A. I began working on Cape Cod when I was a newly minted Assistant Professor at the BU School of Public Health. For quite some time, the population in the Upper Cape Cod region of Massachusetts-in the towns of Barnstable, Bourne, Falmouth, Mashpee, and Sandwich-had been experiencing elevated mortality rates of lung cancer and excesses in the incidence (new cases) of breast, colon/rectum, lung, and blood cancers. In 1987, the Massachusetts Department of Public Health issued a Request for Proposals (RFP) to investigate possible environmental causes for these elevated rates.
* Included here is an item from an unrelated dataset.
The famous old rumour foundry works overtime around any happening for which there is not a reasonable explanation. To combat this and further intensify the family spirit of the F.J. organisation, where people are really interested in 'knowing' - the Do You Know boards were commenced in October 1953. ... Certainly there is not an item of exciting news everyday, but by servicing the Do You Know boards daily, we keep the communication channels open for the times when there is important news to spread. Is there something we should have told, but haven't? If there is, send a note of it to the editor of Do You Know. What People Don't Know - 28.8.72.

David Ozonoff and I decided to respond to the RFP. The current Director of the Superfund Basic Research Program at the BU School of Public Health, Dave then was the chair of the Department of Environmental Health. Our goal was to provide the state Public Health Department and Cape Cod citizens with sound scientific information on the cancer risks associated with environmental hazards affecting this region. The Department of Public Health and the community group looking into the situation wanted the investigation to focus mainly on the pollution associated with the Massachusetts Military Reservation. As epidemiologists, we thought that it was important to conduct a comprehensive study that included all current and historical environmental hazards. Before we began, we reviewed many data sources. We looked at information about the area's hazardous waste sites and manufacturing activities. We reviewed data documenting contamination associated with the Massachusetts Military Reservation, the Barnstable Airport, the Canal Electric Power Plant, and pesticides applied by cranberry growers. We also looked at the quality of the public drinking water supplies. Ultimately, we decided to investigate more than 40 different sources of air and water pollution to which a significant portion of the population may have been exposed.
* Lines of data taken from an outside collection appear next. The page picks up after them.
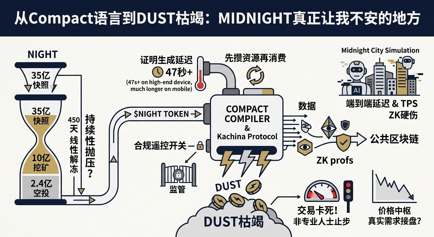 更扎心的是官方那场Midnight City Simulation吹得天花乱坠,用AI Agent模拟全城交易听起来很赛博,但我从代码层面看,这更像在给ZK证明生成时间打马赛克。我们都知道ZK的硬伤从来不是TPS而是端到端延迟,尤其是移动端和低配PC。模拟环境里服务器集群跑几千TPS当然好看,但真等散户拿手机刷个NFT铸造或者隐私投票,Compact编译器+证明生成那套流程会不会直接把普通设备拖成PPT?上次我本地跑了个中等复杂度的零知识投票合约,证明生成花了整整47秒,这还是在M3 Max上——换成普通安卓机呢?这种“实验室数据”到“真实战场”的落差,过去干翻过多少条号称“高性能”的L1,现在Midnight也得自己去撞。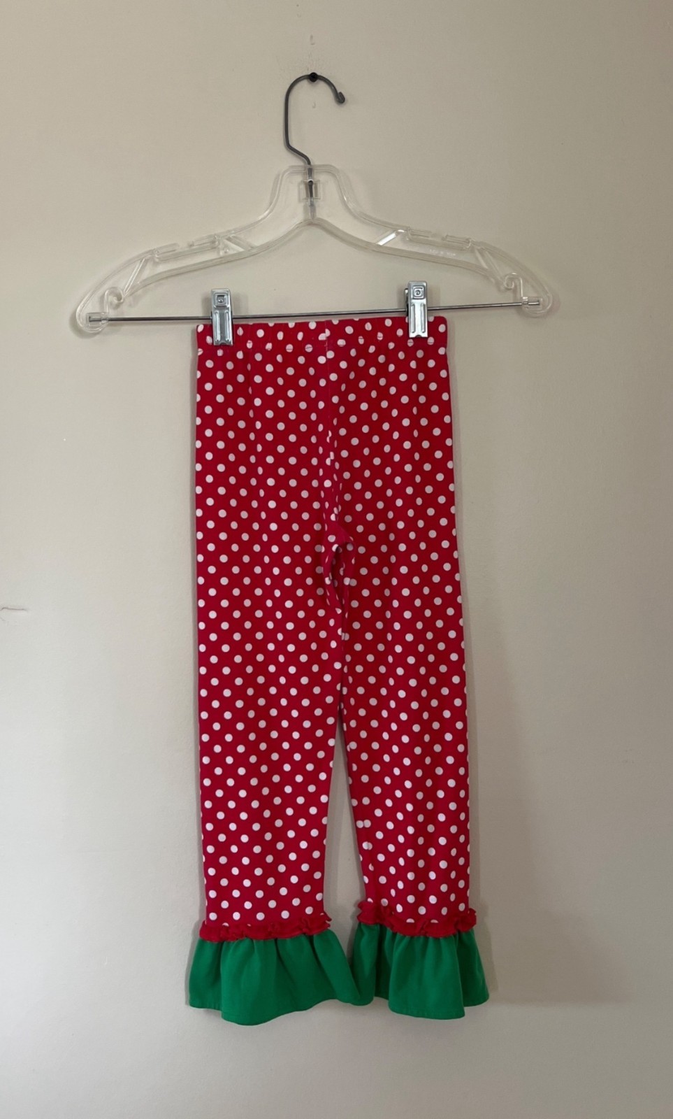 Rare Editions Girls Size 6 Red Pants Polka Dotted Ruffles Christmas Elastic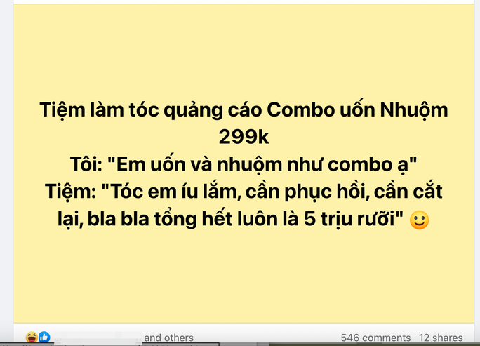 Xung quanh chuyện làm đẹp ngày cận Tết, nhiều người dùng mạng xã hội còn thi nhau "tố" các chủ salon tóc "treo đầu dê, bán thịt chó". Cụ thể, sau bài viết kể về "tình trạng chung" của nhiều tiệm tóc ngày cận Tết là quảng cáo "combo" uốn, nhuộm 299.000 đồng nhưng khi khách hàng chọn "combo" này thì chủ salon lại tặc lưỡi: "Tóc em xơ quá, phải phục hồi thêm, tổng là 5 triệu nha".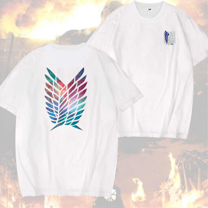Streetwear Clothes Men T-shirt Wings of Liberty T-shirts Ai Lun Anime Combed Cotton T Shirt Attacking Giant Anime Cotton Shirt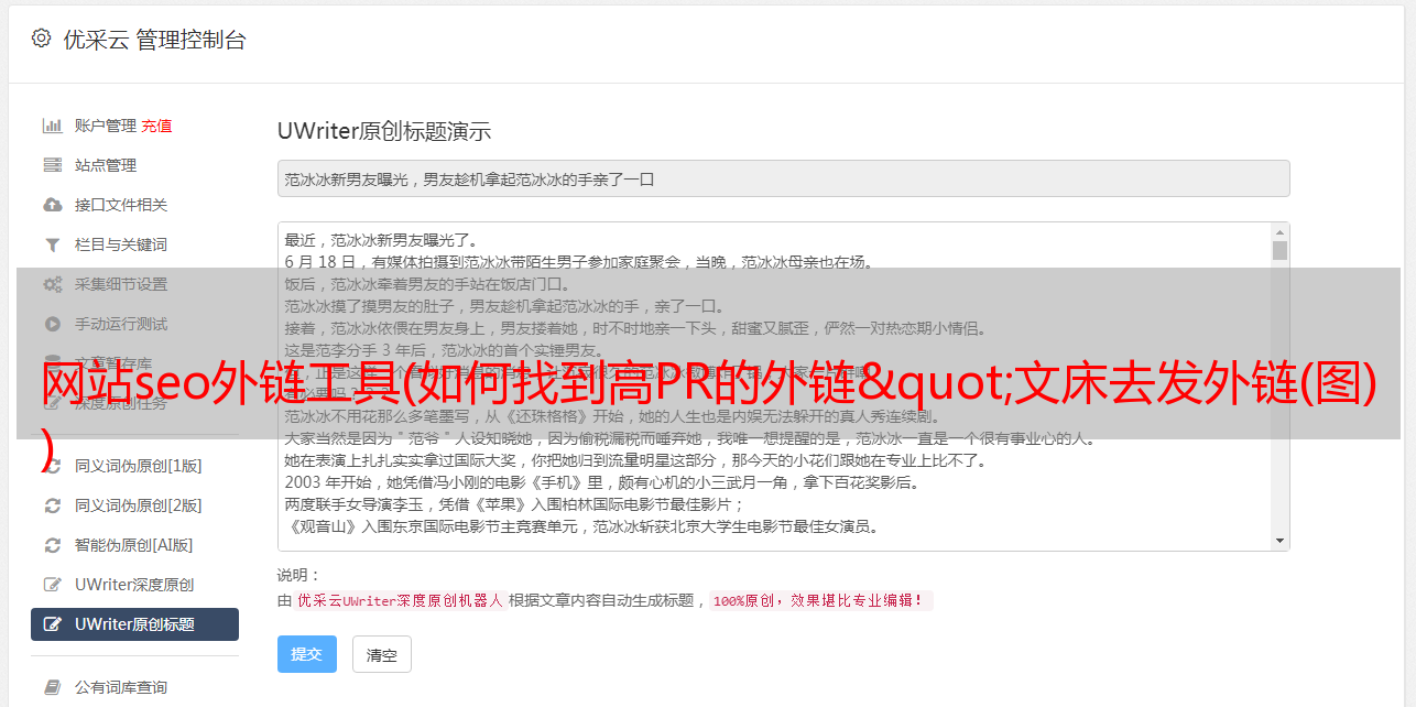 优采云 发布时间: 2021-11-13 04:23网站seo外链工具(如何找到高PR的外链"文床去发外链(图)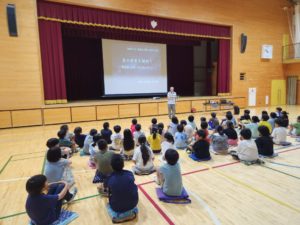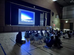 今日は牛山様を講師としてお招きして,『夏の夜空を訪ねて』というテーマで星の学習をしていただきました。真っ暗な体育館に牛山先生が撮影された夜空の星や月,たくさんの風景が映し出され,子どもたちは感嘆の声をあげていました。夏の夜空を旅した、そんな気分になりました。夏の星座,宇宙の浪漫をたくさん教えていただいたので,夏休みはみんな空を眺める時間が増えることでしょう。とっても素敵な時間になりました。ありがとうございました。
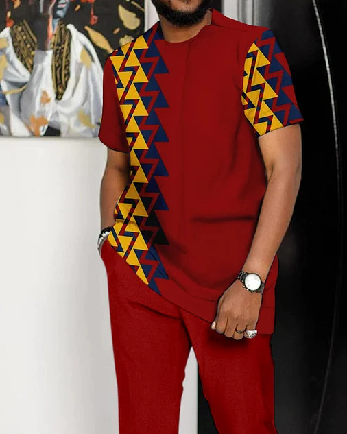 Suitmens Men's Colorblock Print Short Sleeve Sports Walking Suit -304

Dave had already been aware of the PCE contamination episode, because he had been called upon to help remediate the problem when it was discovered in the early 1980s. The PCE contamination warranted inclusion in the epidemiological study because PCE is considered a possible carcinogen, and there were high levels of PCE contamination in many of the towns. In addition, a considerable portion of the population had been exposed: PCE had been leaching from hundreds of miles of water pipes for more than a decade, exposing tens of thousands of residents.

Thus began our research on the health effects of PCE-contaminated drinking water. Over the past 20 years, our work has helped advance our knowledge of the health effects of environmental pollution in several ways. It has provided information on the long-term effects PCE can have on many different types of diseases. We have investigated PCE in relation to cancer, reproductive and developmental disorders, and neurotoxic effects. We are now particularly interested in contributing to knowledge of the fetal basis of adult disease, a new and exciting research focus in our field. Our research has also helped improve methods of assessing a person's exposure to historical sources of water pollution.